### EXERCISE
In the entries below, begin at the line that has "Настановне креслення координатно-розточувального", stop after the line that has "Confraternização com a", and output those lines exactly with no pictures.

### DATASET RECORDS

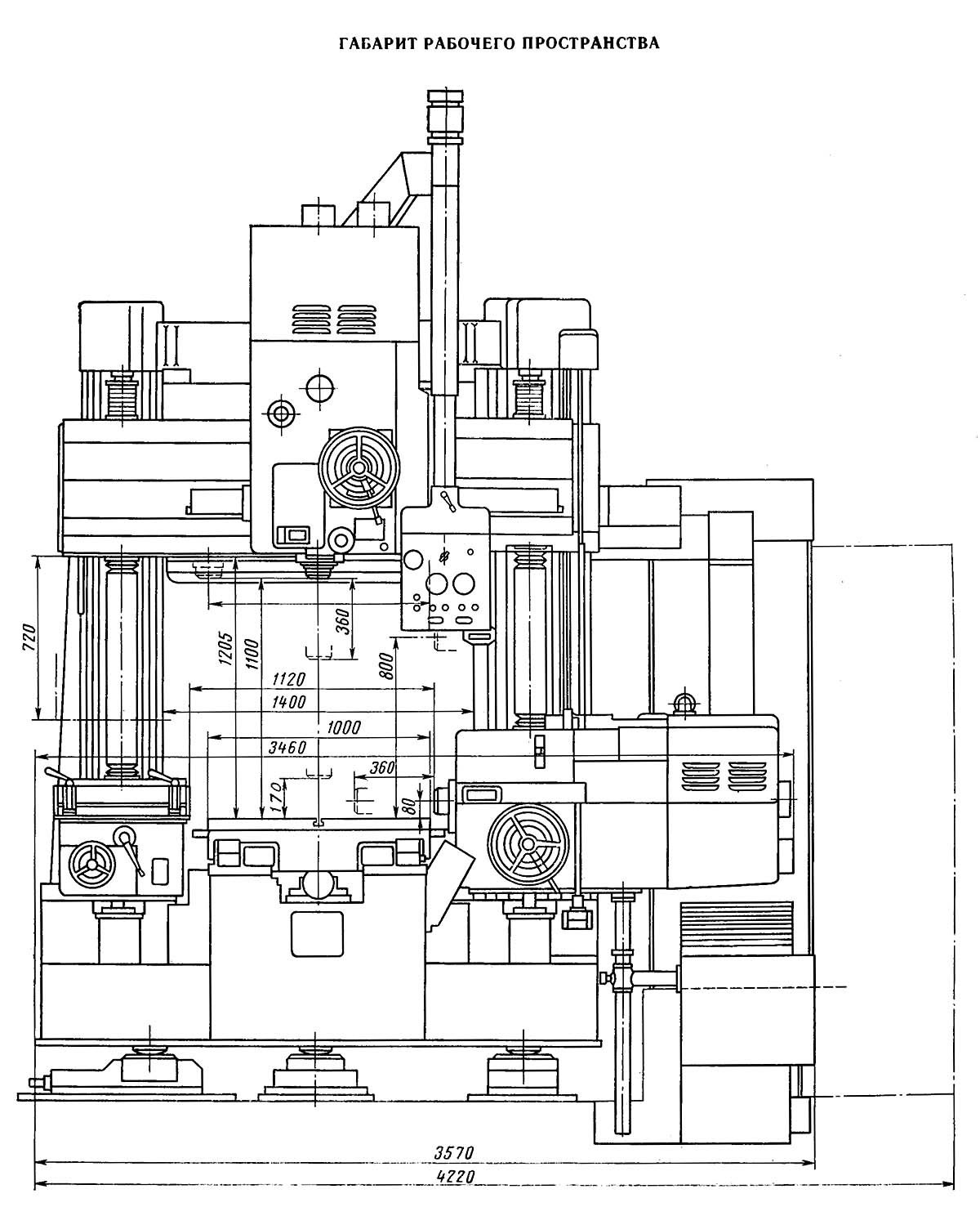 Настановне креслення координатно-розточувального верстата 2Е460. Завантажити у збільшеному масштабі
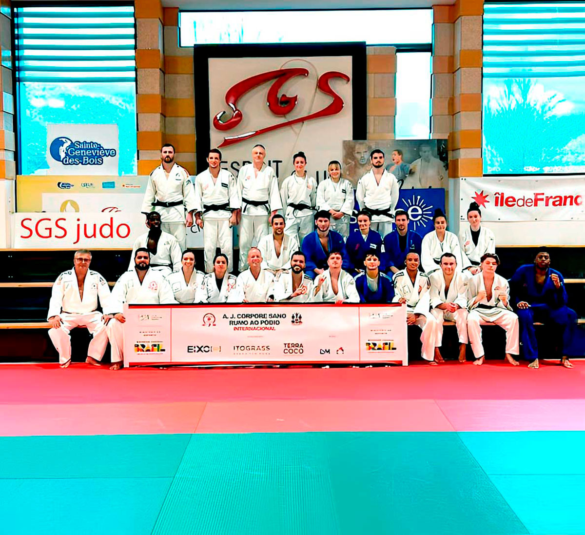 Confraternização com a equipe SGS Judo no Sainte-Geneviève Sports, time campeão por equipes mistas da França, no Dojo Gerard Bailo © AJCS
* * *
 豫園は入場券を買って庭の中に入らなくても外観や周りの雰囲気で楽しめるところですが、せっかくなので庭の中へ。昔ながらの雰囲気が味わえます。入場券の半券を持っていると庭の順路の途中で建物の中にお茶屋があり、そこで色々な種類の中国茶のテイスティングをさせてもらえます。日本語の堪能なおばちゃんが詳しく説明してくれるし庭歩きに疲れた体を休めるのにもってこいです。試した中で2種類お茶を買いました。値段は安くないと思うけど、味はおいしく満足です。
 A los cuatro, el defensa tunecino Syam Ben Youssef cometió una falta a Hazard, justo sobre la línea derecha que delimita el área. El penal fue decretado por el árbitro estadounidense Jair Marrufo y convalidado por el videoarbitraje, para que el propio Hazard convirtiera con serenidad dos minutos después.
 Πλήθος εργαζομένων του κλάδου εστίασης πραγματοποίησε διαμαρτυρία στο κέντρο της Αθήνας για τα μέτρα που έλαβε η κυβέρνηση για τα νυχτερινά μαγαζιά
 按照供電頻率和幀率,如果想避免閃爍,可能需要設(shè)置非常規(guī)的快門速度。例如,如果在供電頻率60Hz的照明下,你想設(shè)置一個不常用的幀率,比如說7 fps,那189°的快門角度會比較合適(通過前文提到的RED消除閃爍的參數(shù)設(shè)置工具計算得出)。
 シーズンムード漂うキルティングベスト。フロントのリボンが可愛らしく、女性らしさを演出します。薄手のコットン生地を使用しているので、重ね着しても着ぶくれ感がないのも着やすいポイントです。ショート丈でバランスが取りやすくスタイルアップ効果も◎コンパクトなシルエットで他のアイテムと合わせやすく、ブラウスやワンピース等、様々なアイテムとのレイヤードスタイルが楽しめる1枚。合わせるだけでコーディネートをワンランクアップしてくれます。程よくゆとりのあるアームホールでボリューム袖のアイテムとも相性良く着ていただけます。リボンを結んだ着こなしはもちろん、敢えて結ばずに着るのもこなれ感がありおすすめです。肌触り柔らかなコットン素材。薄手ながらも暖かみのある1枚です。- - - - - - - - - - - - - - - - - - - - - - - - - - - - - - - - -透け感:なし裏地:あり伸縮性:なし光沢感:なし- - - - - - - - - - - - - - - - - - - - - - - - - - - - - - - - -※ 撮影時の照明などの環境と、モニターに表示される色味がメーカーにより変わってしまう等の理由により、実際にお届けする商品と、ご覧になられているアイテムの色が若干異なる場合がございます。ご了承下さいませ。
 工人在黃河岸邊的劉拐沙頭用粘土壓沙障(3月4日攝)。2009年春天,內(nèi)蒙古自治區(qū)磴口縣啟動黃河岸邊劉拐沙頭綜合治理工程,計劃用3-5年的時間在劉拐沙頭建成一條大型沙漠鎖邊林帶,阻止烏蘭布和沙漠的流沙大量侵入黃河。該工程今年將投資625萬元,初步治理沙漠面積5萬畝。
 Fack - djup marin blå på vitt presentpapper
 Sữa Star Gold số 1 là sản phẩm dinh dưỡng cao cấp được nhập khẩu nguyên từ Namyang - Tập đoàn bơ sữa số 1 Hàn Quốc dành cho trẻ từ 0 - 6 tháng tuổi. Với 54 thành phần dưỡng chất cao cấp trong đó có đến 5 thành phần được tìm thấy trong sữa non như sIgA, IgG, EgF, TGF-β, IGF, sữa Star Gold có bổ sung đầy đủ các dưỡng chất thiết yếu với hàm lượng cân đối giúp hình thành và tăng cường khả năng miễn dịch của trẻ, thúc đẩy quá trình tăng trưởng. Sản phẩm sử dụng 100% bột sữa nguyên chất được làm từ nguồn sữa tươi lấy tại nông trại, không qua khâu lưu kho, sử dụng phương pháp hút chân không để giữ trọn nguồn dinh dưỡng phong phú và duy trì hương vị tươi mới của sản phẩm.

### RESPONSE TO THIS TASK
 Настановне креслення координатно-розточувального верстата 2Е460. Завантажити у збільшеному масштабі
 Confraternização com a equipe SGS Judo no Sainte-Geneviève Sports, time campeão por equipes mistas da França, no Dojo Gerard Bailo © AJCS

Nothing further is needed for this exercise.